On the question of who will conduct the tests, the EIA answer to question 1.2 says that initially we will accept any of the test providers who are approved for tier 2 of the points-based system and who confirm that they provide appropriate A1 speaking and listening tests. What has been the response so far of these providers, and when is the full procurement exercise for providers of English tests likely to be undertaken? In the mean time, what will the tests cost an applicant and will they be able to take them online?

Lists of approved testing centres will be needed in all the countries from which spouses are likely to apply. Perhaps my noble friend will place copies of those lists in the Library. There are further questions from both ILPA and the JCWI in their joint letter to the Immigration Minister of 1 October, and I hope my noble friend will ask him to publish his reply to that letter.

The other change in Cm 7944 is that, if the refugee is naturalised as a British citizen, for the first time his spouse has to satisfy the accommodation and maintenance requirements that apply to spouses generally to get a marriage visa. The Government's argument is that under the rules as they stand there is discrimination between British citizens who were not refugees and other British citizens who were refugees and are now naturalised. However, as ILPA has pointed out, the circumstances of the two groups are profoundly different. The cause of family disunity in the case of the refugee is that he had to leave his home country because of his well founded fear of persecution for reasons of race, religion, nationality, membership of a particular social group or political opinion.

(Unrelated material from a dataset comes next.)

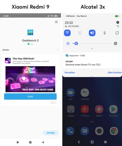 Das würde ich ja so noch hinnehmen. Was mich dagegen massiv stört, sind die Werbeeinblendungen. Beim Alcatel 3x erscheinen sie in Form von Pop-Up-Benachrichtigungen der hauseigenen «enjoy.now»-App. Xiaomi blendet sie nach der Installation von Apps ein und führt dafür extra eine weitere Überprüfung der Installationsdateien aus dem Play Store durch. Darauf kann ich gut verzichten.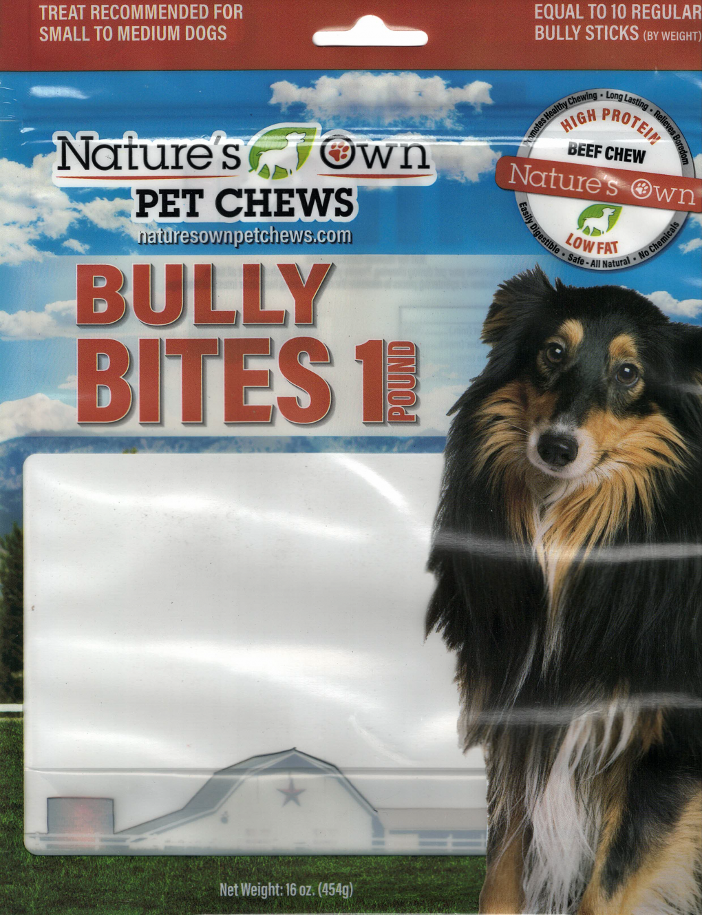 Nature’s Own Pet Chews brand Bully Bites, UPC# 739598900750, are sold in a 16 oz., resealable plastic pouch 11” high, 9.5” wide, 3.5” deep on the bottom and have a Best Buy date of September 2027 located on a tag on the bottom of the pouch. The lots are 19379, 19380, 19381, and 19382.

Naturalisation does not change his status as a refugee. As I have mentioned, the noble and learned Lord, Lord Clarke, said in paragraph 35 of the Supreme Court's judgment in the case of ZN, which the Government now seek to reverse, that there were,

"coherent policy reasons for applying the same principles to applications to join or remain with a spouse or parent who has been granted asylum both before and after such a sponsor has become a British citizen".

This principle is underlined by many of the decisions of Excom, as I have already mentioned. Have the Government asked UNHCR to comment on these changes? Can my noble friend explain why the Government consider that making it harder for refugees' spouses to join them, and thus damaging family unity, is compatible with the Convention relating to the Status of Refugees?

In the impact assessment published in August 2009, I understand that the cost of implementing these measures was estimated at between £26.9 million and £51.1 million, but that did not include the legal cost of defending human rights actions based on Articles 8 and 12 of the ECHR, the right to private and family life and the right to marry and found a family respectively. Can we have an update on the cost, including an estimate of the legal fees that will be incurred?

These changes, and similar ones in Germany, Denmark and France, are modelled closely on the system in place for several years past for dealing with spouses in the Netherlands, except that in the Netherlands family members of persons who have been recognised as refugees are exempted permanently from the test. Research there by Human Rights Watch has shown that the system hinders integration by preventing spouses from living together; and the operation of the test, coupled with the income requirements, high costs and long waiting periods, creates a strong impression-expressed also by the majority of migrant representatives interviewed by Human Rights Watch-that the measures are not about integration but rather about keeping people out of the country. In the words of one, they are "to close the door". I fear that that will be the legitimate reaction to this statement among immigrant communities here too, so that the damage to integration will not be confined to the families immediately affected. I beg to move.